2 Shock
Classification of Shock
Septic Shock
Sepsis is defined as the presence of the systemic inflammatory response syndrome (SIRS) caused by a presumed or confirmed infection (Box 2-1). Sepsis may occur because of bacterial, viral, fungal, or parasitic infections. Septic shock is defined as sepsis and cardiovascular dysfunction. Classifying septic shock may be difficult because of the developmental variability in physiologic response to sepsis. A clinical picture consistent with hypovolemic, distributive, or cardiogenic shock may be present in a child with sepsis. Additionally, studies have demonstrated that the cardiovascular pathophysiology of children with sepsis can evolve over time, and the adjustment of hemodynamic therapy is commonly necessary.
Box 2-1
Systemic Inflammatory Response Syndrome Criteria
Adapted from American Academy of Pediatrics and American Heart Association. Pediatric Advanced Life Support. Dallas, 2006, AHA.
Clinical Manifestations and Evaluation
Shock remains a clinical diagnosis (Figure 2-1). Early recognition of the clinical signs of shock (including familiarity with normal ranges for vital signs by age; see Chapter 1) should lead to directed management. An accurate history should be obtained from the family and, if possible, the child, simultaneously with treatment initiation.
Management
General Principles
Early recognition of compensated shock is critical to ensuring appropriate and expedient therapy. Initial therapy of shock is universal, regardless of the cause of the shock state, with the goals of optimizing blood oxygen content, improving cardiac output, reducing oxygen demand, and correcting metabolic abnormalities (Figure 2-2). General principles of resuscitation should be applied immediately on presentation to medical care (see Chapter 1). Ultimately, after initial management has commenced, correction of the underlying cause is essential (e.g., stopping blood loss in hemorrhagic shock, antibiotics for shock caused by bacterial infection).
Circulatory Support
Table 2-1 outlines commonly used vasoactive agents, their targeted receptors, and their hemodynamic effects. Data are varied on the choice of initial agent; current recommendations from the American College of Critical Care Medicine state that dopamine, epinephrine, or norepinephrine may be appropriate first-line therapy for septic shock, provided they are administered through a central venous catheter. Dopamine or low-dose epinephrine may be given via a peripheral vein while central venous access is obtained.

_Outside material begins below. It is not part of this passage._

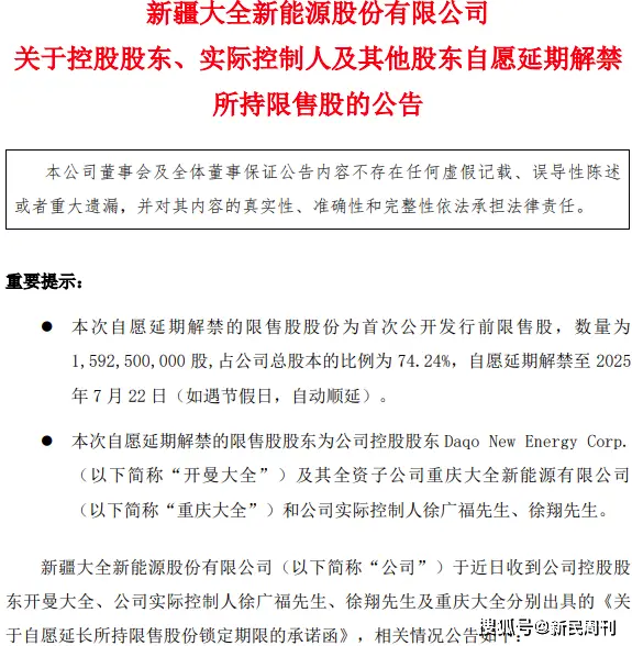 今年1月18日,大全新能披露了自愿延期解禁限售股股份的公告,将约15.93亿股(占公司总股本的74.24%)的限售股股份自愿延期解禁至2025年7月22日。这对于投资者是个好消息,客观上也对冲了一部分因业绩预亏和核心技术人员王西玉离职带来的不利影响。但长远来看,投资者并不参与实际经营,大全新能的业绩更多还是要依靠高管、核心技术人员、以及基层员工的共同努力来实现,如何尽快提高后者的满意度降低离职率稳定人心,对大全能源未来的走向至关重要。

Special Circumstances: Shock in Neonates
When faced with a neonate with shock, early consideration should be given to ductal-dependent congenital heart disease. Lesions marked by ductal-dependent systemic blood flow, such as aortic stenosis, hypoplastic left heart syndrome, coarctation of the aorta, and interrupted aortic arch, may present as shock in the neonatal period (see Chapter 44). Infants with these lesions depend on blood flow from the pulmonary artery across the ductus arteriosus into the aorta for perfusion of all or part of the systemic circulation. Although this is deoxygenated blood, the oxygen content is sufficient to meet the metabolic demands of the tissues. Therefore, when the ductus arteriosus closes, circulatory failure and tissue hypoxia occur.